Rachel O’leary Carmona, a Women’s March Officer, stated, “Now more than ever, women need to band together across social movements and show up for one another.” She further stated, “This march is the last march before the 2020 presidential election and literally everything that we love is on the line.”

I cannot mince words. For too many of us, our worst fears of the current administration have been realized. We face a Constitutional crisis which may alter our form of government irrevocably. We must take our country back!

To move forward on the unifying principles of the Women’s March, supporters must unite our efforts with those of our allies and elect officials who champion the same things we do. Your support of such a candidate helps all of us.

The California Primary is March 3.  Audrey Denney (CD1 candidate), Elizabeth Betancourt (AD1 candidate), and Pamela Swartz (SD1 candidate) all support the principles of the Women’s March and need your vote. It is time to bring new voices to our District.

Faith Strailey


Fake news

According to some, our major news networks are spewing out fake news. The allusion has left me somewhat bewildered. If that is fake news, what is that on twitter and facebook then. If you thought the 2016 election was awash in disinformation and lies, a disinformation tsunami is coming. Already the candidates are pictured totally not fit for office. Videos are edited to make them look like they are drunk and their statements are taken out of context so they are saying something they didn’t say. Much more fakery is coming. The Russians are likely to flood social media with more disinformation in 2020. We may also see “deepfakes” — realistic computer-generated videos depicting candidates saying or doing things they’ve never said or done. Let the viewer beware.

Duane Vander Veen


Didn’t know

Boy! I wish I hadn’t read this week’s letters to the editor; a writer from Portola really broke my bubble.

Here I am, an 83-year-old baptized Christian Korean War vet from a family who served in WWII and in the Civil War and we were all Socialists. We never knew we had to be greedy capitalists in order to be real American Christians.

I would ask the writer to read the four Gospels describing Jesus’s life, he sounds like a non-conformist Socialist to me, one might even use the term hippie today.

Frank Kortangian


“A World Turned Upside Down”*

America is not the only nation in which ignorance and insecurity are leading into mindless self-destruction.
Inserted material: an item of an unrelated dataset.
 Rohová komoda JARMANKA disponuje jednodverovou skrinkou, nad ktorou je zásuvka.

As in the days of the crusades, the world seems to have forsaken rational thought for the less demanding alternative of accepting ignorance, insecurity, fixed belief, emotion based decisions and ultimately, international chaos. Britain’s politically driven Prime Minister, Boris Johnson, has found a usable contrivance in ‘brexit,’ much as Joe McCarthy found one in ‘communism.’ Northern Ireland could well be the first major victim. President Bolsonaro, in Brazil, is deliberately destroying the rainforests of the Amazon. Australia’s P.M. has placed fossil fuel dollars ahead of healthy air, forest fires and climate warming. In Japan, the current regime is attempting to erase all evidence of the 1937 massacre of 250,000 civilians in Nanking. Millions of Muslims in India are being relentlessly persecuted by India’s fanatical Hindu regime. Russia is still sending false propaganda over the Internet and interfering in the electoral processes of America, England, France and other nations. Terrorist groups are spreading their fanatical murderous activities throughout the world.
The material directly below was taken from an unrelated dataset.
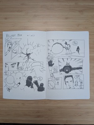 Just before the end of my first year of high school, I completed the second (of two) issues of my comics anthology, "Blank Pages." I wanted to give copies of them to my friends who were seniors before they graduated. This second issue features a quickly drawn cover with a request for connection (via email). This is something that feels like an ongoing theme of my work and life. It also features a "grown up" version of a hero I created as a child which I called "Helper Man." Helper Man wore an Iron Man-like suit of armor which featured a Mega Man-like arm mounted "non-violent" vaccum and was orginally drawn a bit like Bomber Man.

So, Reagan had his Grenada. Bush and Cheney their deceitful and falsely proclaimed, but extremely lucrative, invasion of Iraq — an act that led to the deaths of over 100,000 innocent civilians, the rising of the ISIS and Al-Queda, and the devastation of one of the world’s greatest centers of ancient culture. Corrupt or incompetent leadership in Mexico, Pakistan, Libya, Nigeria, North Korea, Venezuela and many other nations seems to be endemic. Overpopulation, intentional ignorance, greed, religious intolerance, the Internet and insecurity are each playing a part in the disintegration of our semi-civilized world. If Trump escalates his baseless conflict with Iran, that might well be the final act of insanity.

*A popular song in England during WWI.